Tiga di antaranya Eky Arda Firmansyah, 18, warga Dusun Nyamplung, RT 19/RW 04 Desa Sumokali, Kecamatan Candi. Selain itu Alsa Riskun Nada, 19, warga RT 04/RW 01, Desa Sumokali, Kecamatan Candi. Kemudian BIR, 19, warga Desa Sidokare, Kecamatan Sidoarjo.
Sementara dua pelaku lainnya masih di bawah umur. Yaitu PEF, 16, warga Kelurahan Pakis, Kecamatan Sawahan Kota Surabaya. Terakhir FML, 16, warga Desa Sumokali, Kecamatan Candi. Mereka merupakan anggota perguruan silat.
"Karena ada yang menghina perguruan Pak. Jadi memang ingin tawuran. Saya bawa palu," ujar salah satu pelaku saat ditanya Kapolresta Sidoarjo Kombes Pol Kusumo Wahyu Bintoro, Rabu (7/12).
Awalnya, perguruan para pesilat itu ditantang melalui media sosial oleh oknum perguruan pencak silat lainnya.

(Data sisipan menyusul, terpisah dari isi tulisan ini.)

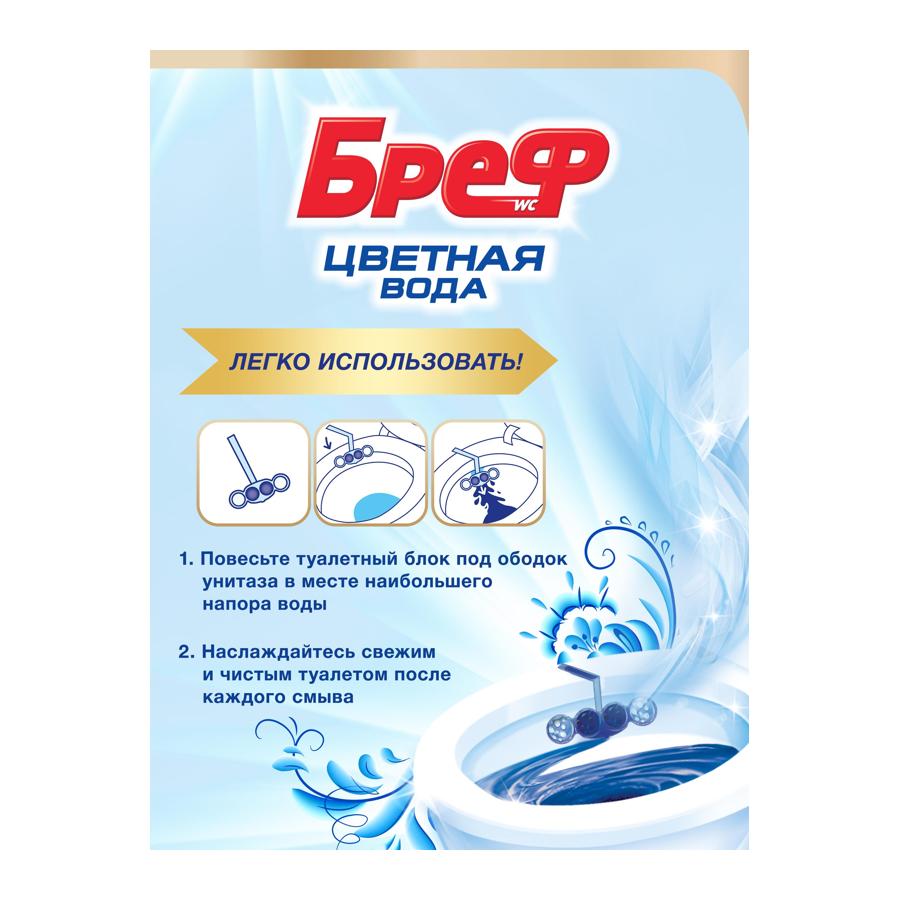 Туалетный блок Bref Color Aktiv С хлор-компонентом - это подвесной блок для унитаза для чистоты и гигиены с формулой 4 в 1. Современная формула шариков Bref содержит поверхностно-активные вещества и неорганические соли, благодаря чему обеспечивает гигиеническую чистоту, защиту от бактерий, а значит здоровье и безопасность для всей семьи. - Эффективные растворяющие компоненты в составе шариков окрашивают воду в синий цвет, благодаря чему достигается эффект чистоты. - Шарики Бреф обеспечат свежесть в санитарной комнате без использования дополнительных освежителей. - Использование блока Бреф убережет вашу сантехнику от известковых и солевых отложений, ржавчины и надолго продлит эксплуатацию. - Средство содержит шарики с интенсивным хлор-компонентом. При каждом смывании унитаз получает чистоту и дезинфицирующий эффект. - Формула туалетного блока создает обильную пену, которая покрывает слой воды в унитазе, эффективно борется с грязью.Особенности:без фосфатов Состав:> 30 % солей неорганических, анионных П А В; 5-15 % неионогенных П А В; < 5 % красителя, комплексообразователя, хлорактивного компонента растворителя, отдушки (в т.ч. лимонена, бутилфенил метилпропионаля,Характеристики:Туалет - общий уход Рекомендации:1. Повесьте Bref Color Aktiv под ободок Вашего унитаза 2. Выберите положение блока как можно ближе к струе воды 3. Замените блок, когда он закончится Условия хранения:Хранить в сухом месте при температуре от +5 до +40°С

Para pelaku bersama puluhan anggota lainnya yang terprovokasi berusaha mencari anggota perguruan yang menantang tersebut.
Nah, saat melintas di lokasi kejadian, para pelaku merasa diteriaki. Sehingga kelompok pelaku terpancing dan emosi. Mereka lalu membacok IWM, 28, pada bagian betis kanan dan kirinya. Sehingga korban pun terluka.
"Kelompok pelaku juga merusak Honda Supra milik MKM, 19, warga Kelurahan Lemah Putro Sidoarjo. Kondisi jok robek, panel speedometer pecah, slebor depan pecah, lampu belakang pecah," beber Kusumo.
Pelaku Eky Arda Firmansyah memukul totok lampu bagian depan dengan menggunakan palu sebanyak dua kali. Alsa Riskun Nada tak kalah beringasnya. Dia memukulkan ruyung mengenai bagian jok sebanyak dua kali dan di bagian slebor depan sebanyak dua kali.
Sementara BIR berperan memumulkan batu ke arah sepeda motor. Sedangkan PEF memukul motor memakai besi kunci shock berbentuk L.
"Sedangkan FML memukul bodi depan kiri motor sebanyak tiga kali menggunakan besi cetok," terangnya.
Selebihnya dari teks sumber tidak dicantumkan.